Maturing cannabis firms are drowning in organizational waste…
And if they don’t address it, they will be stuck with rising costs, reduced agility and a degraded execution ability. Often unseen to the casual observer, organizational waste is the unintended and unproductive work or delay that occurs during normal business activities. This phenomenon is a natural consequence of quick operational scale out, weak management and poor cultural norms - a common situation in the cannabis sector.

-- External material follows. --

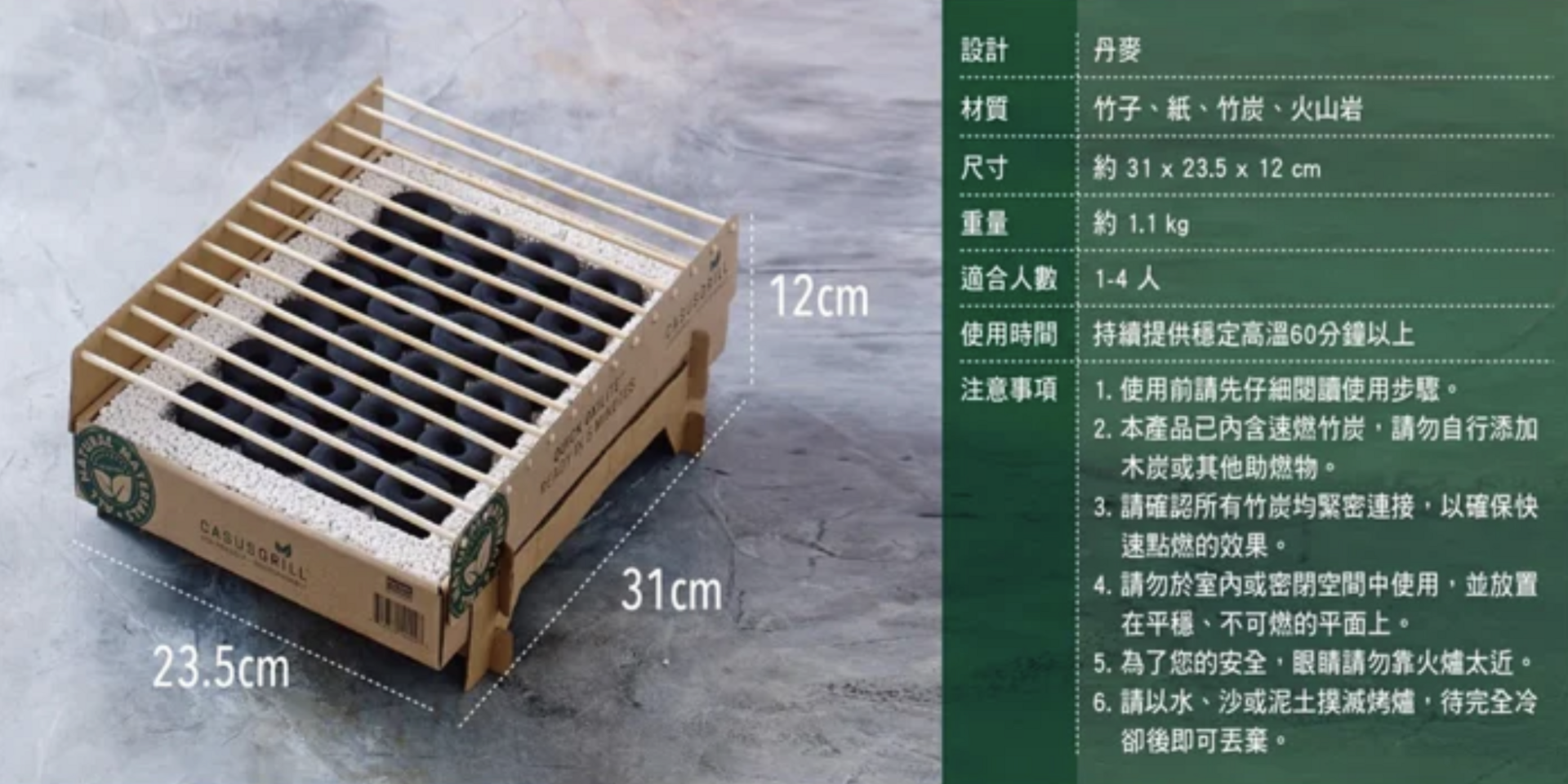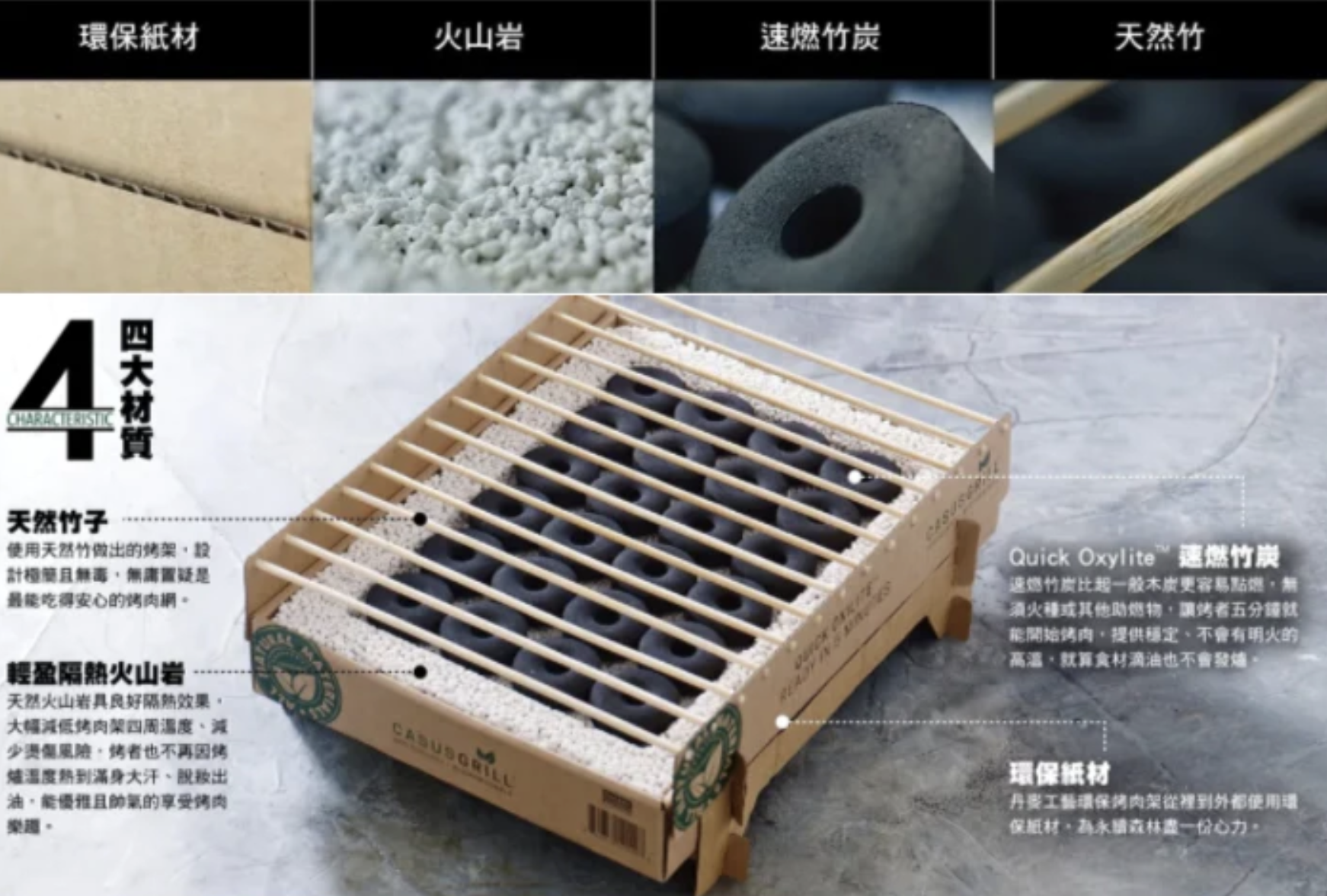 物料:竹子、環保紙材、Quick Oxylite™速燃竹炭、火山岩

Waste is everywhere and at all levels but is often concentrated in certain functions such as HR, IT and sales & marketing, where there are no clear operating rules and metrics (unlike say, cultivation or manufacturing). Three kinds of waste are pervasive in cannabis companies: People (e.g., high turnover, ineffective meetings, overlapping roles & responsibilities), Processes (e.g., excessive complexity, poor communications, approval bottlenecks) and Information (e.g, data entry, inaccurate/lost data, irrelevant analysis).
Waste is an insidious problem that masquerades as productive and collaborative activity. Indeed, some of the most harmonious cultures are often the most wasteful from a labour productivity perspective. From what I have seen, up to 80% of some tasks & roles in certain cannabis firms would be considered wasteful and non-value adding.
More worryingly, this unseen inertia will act as a drag on new investments pushing out the time to value, adding risk (through higher complexity) and inflating the total implementation cost.
Smart cannabis companies will look to get ahead of the problem by tackling waste at its root causes. I recommend-
1. Quantifying the problem – one simple way to measure overall waste is to consider total revenue per employee. A suitable goal for private (non IT) firms is $250k of revenue per employee;
2. Finding and fixing the root causes - analyze all processes and practices to see what can be streamlined, eliminated or combined (to avoid duplication). Push down decision making to the right person and then trust their decisions. Standardize and optimize management systems like reporting, budgets, meetings and planning documents;
3. Pruning headcount - Automate and outsource non-core activities where there is a clear ROI and no loss of capability;
4. Consider adopting new management and executional approaches such as Lean operations or Sprints.